By enumerating phenomena of interest, an ontology allows people to communicate clearly and efficiently about the ideas that are represented. For scientists and researchers, a shared ontology makes it possible to accurately describe and express their constructs, theories, experiments, and methods. In particular, shared ontologies are critical for comparison of results from different experiments and observations. Scientific communities and scientific progress depend on investigators being able to evaluate one another’s theories and to build on one another’s work, but these fundamental aspects of the scientific process cannot be achieved in the absence of shared terms and the ability to communicate in a consistent manner. Ontologies also support communication about theories, experiments, knowledge, and insights among disparate communities of practice. Shared terms provide a standard mechanism for workers from many different stakeholder groups—who have their own customs, their own jargon, their own world views—to embrace a piece of common information and to act on it accordingly.
Shared ontologies make it possible for researchers to integrate their data with those of other scientists, pooling results and making it possible to explore hypotheses with larger sample sizes and different sets of subjects. Such pooling is possible only if investigators use the same terms to describe the same phenomena or if there are clear mappings between the idiosyncratic terms that one investigator may use and the standard terms used generally in the scientific community. Unfortunately, the absence of widely shared ontologies in the behavioral sciences has been at the root of debates among investigators that focus on differences in measurement and operationalization. Ontology development could help to move research domains toward more broadly accepted nomenclature for a topic of interest.
Optimal searching of the scientific literature (and datasets) is facilitated by indexing of the contents of bibliographic databases using controlled terms, which enables search engines to use those terms to find appropriate content.
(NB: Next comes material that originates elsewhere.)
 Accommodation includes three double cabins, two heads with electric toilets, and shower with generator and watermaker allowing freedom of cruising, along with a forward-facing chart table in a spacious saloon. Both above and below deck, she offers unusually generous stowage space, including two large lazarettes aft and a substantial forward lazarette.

Use of controlled terms is important for bibliographic retrieval, as authors frequently describe their research in inconsistent ways, and there is no way for an individual searching the literature to know all the idiosyncratic ways in which researchers describe and refer to their work. In general, formal ontologies support searches that can be more tailored to the user’s needs because they allow more abstract or more granular terms
related to an initial term of interest to be easily identified and used. Such ontologies may also be able to incorporate external ontologies, making it easy to identify new search terms and easing the maintenance of the search engine as the external ontologies evolve.
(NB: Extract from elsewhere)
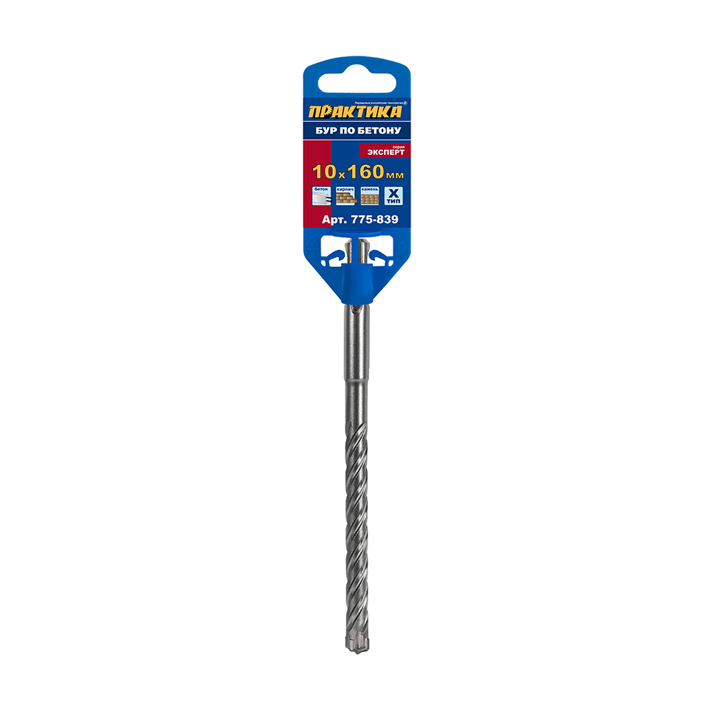 Бур SDS-plus ПРАКТИКА 10 х 100/160 мм, Х-тип серия "Эксперт" по бетону (775-839) - цена, фото, технические характеристики

Comparison and Analysis of Data
Researchers can take advantage of the hierarchies inherent in an ontology to assist with data analysis and interpretation. An ontology allows researchers to categorize observations and to identify the general principles that those points represent. The formal specification of both the essential elements of a scientific discipline and the key relationships among them enables its practitioners to clarify their shared world view and to communicate with one another with the clarity needed to advance scientific knowledge.